Security for 80% of connected devices not in place, says AdaptiveMobile
Mobile network security provider AdaptiveMobile argues that up to 80% of connected devices do not possess sufficient security requirements, with a similar proportion of devices liable to hacks and data breaches.
An excerpt from Gartner’s research report ‘Predict 2016: Security Solution’ says: “[The] security market will continue to evolve alongside new requirements from the Internet of Things, cloud computing and sophisticated targeted attacks.
“Gartner estimates that a new architectural model will evolve, alongside such demands, in which security technology and services will be made available at the device and network layer, characterising the emergence of security solutions made within endpoints, gateways and IoT platform providers,” it adds.
AdaptiveMobile is seeking to provide a solution to this complex issue with NPP6, its converged carrier security platform that offers consistent security across devices, operating system and end-user technical expertise.
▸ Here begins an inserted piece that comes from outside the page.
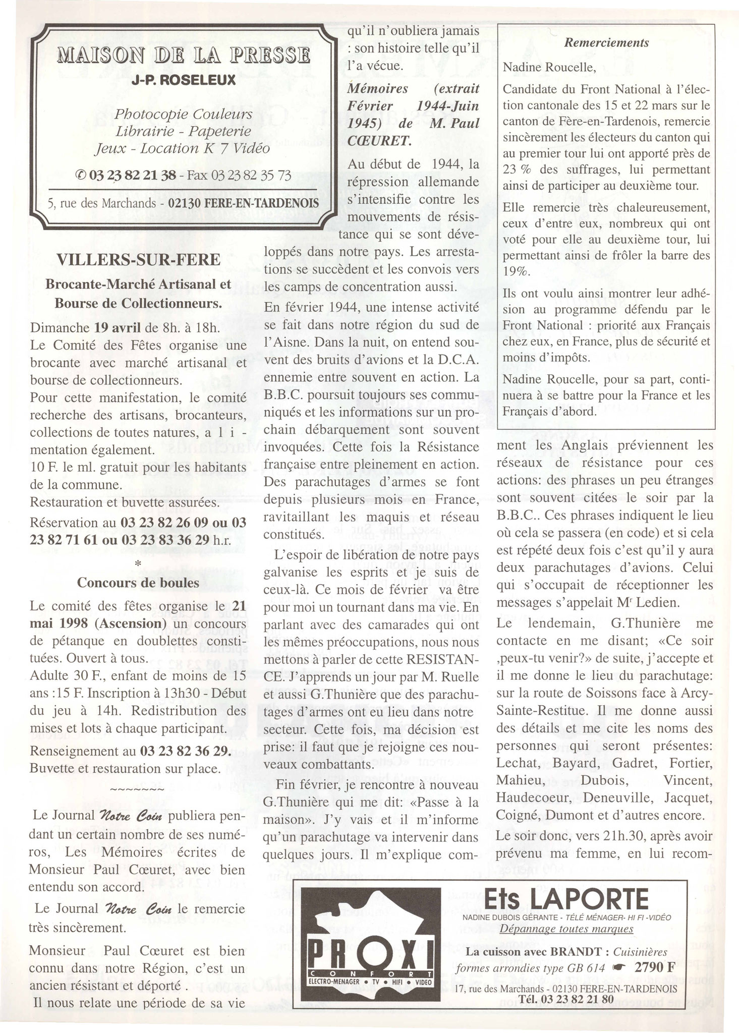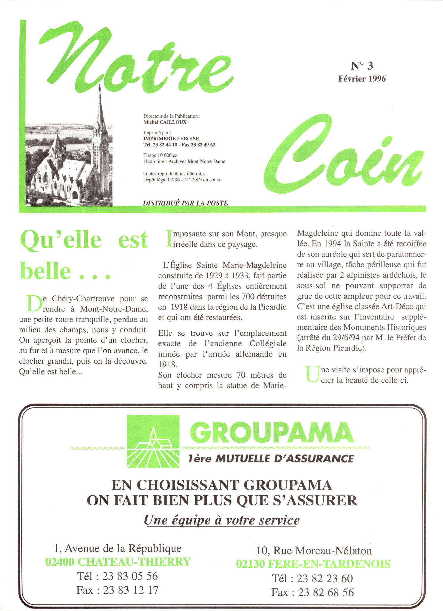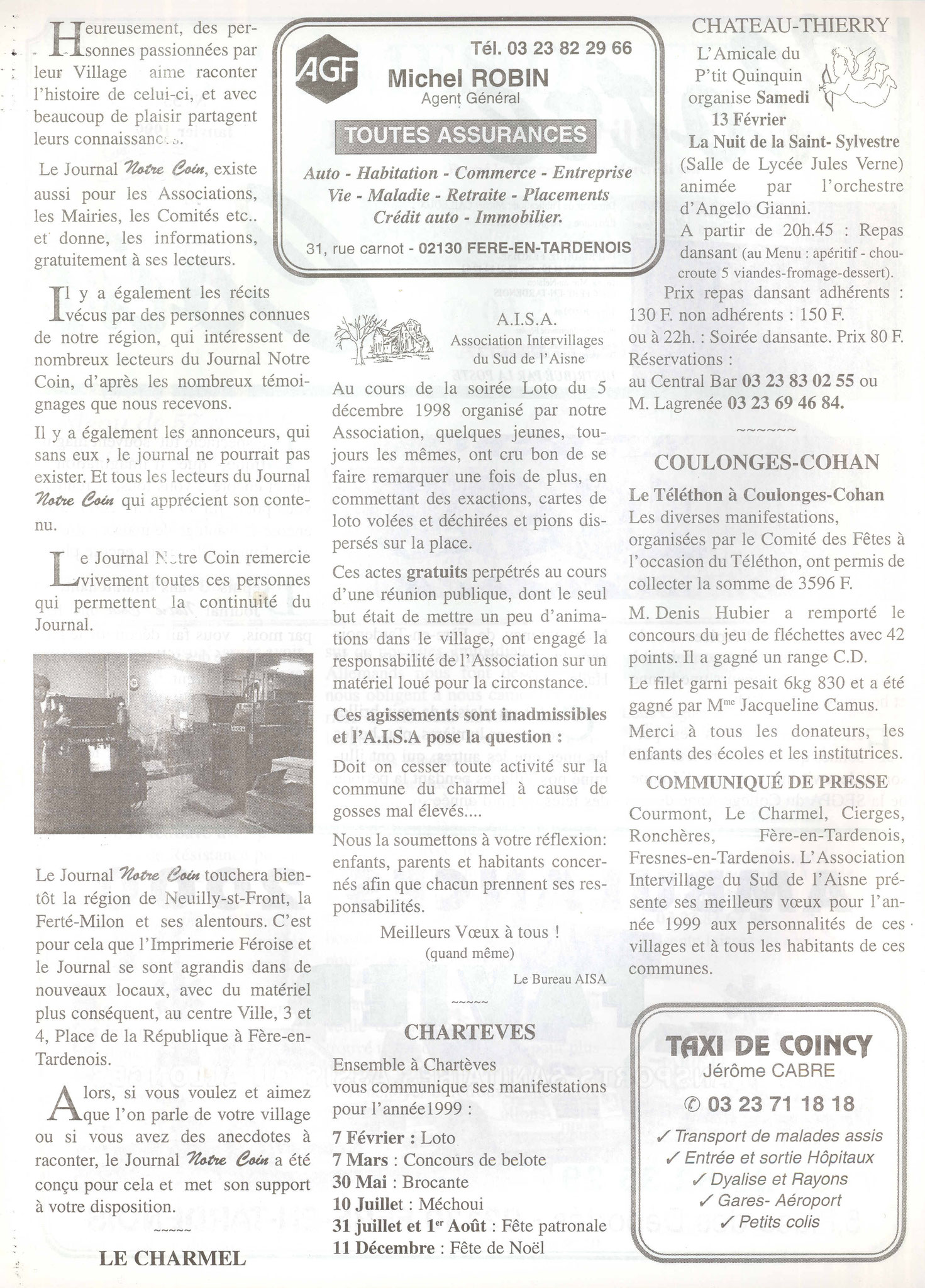 Un grand merci à Michel et Jacqueline CAILLOUX pour leur travail effectué à la diffusion du journal Notre Coin,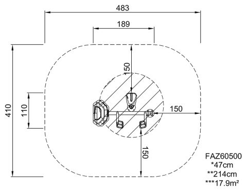 - Área de seguridad: 17.9m²

The company is working towards securing the IoT by integrating the latest data science techniques, machine learning and advanced anomaly detection algorithms, with its threat intelligence services.
AdaptiveMobile’s CTO, Ciaran Bradley, explains: “A new security architecture is required to deal with the increasing connectivity of devices belonging to the Internet of Things. There will be billions of devices connected through IoT – many unable to run traditional endpoint security – and there is no definitive ruling on who has responsibility to enforce this security and who is liable when a vulnerability is exploited.”
He continues: “We need to be able to detect threats at scale – using a combination of lightweight telemetry and anomaly detection to give early indicators of compromise – and then enforce protection at scale. Not only are consumer devices at risk but automotive and industrial categories need to ensure security is a critical consideration – we do not believe this will be solved through current approaches to security, particularly when it comes to legacy systems.”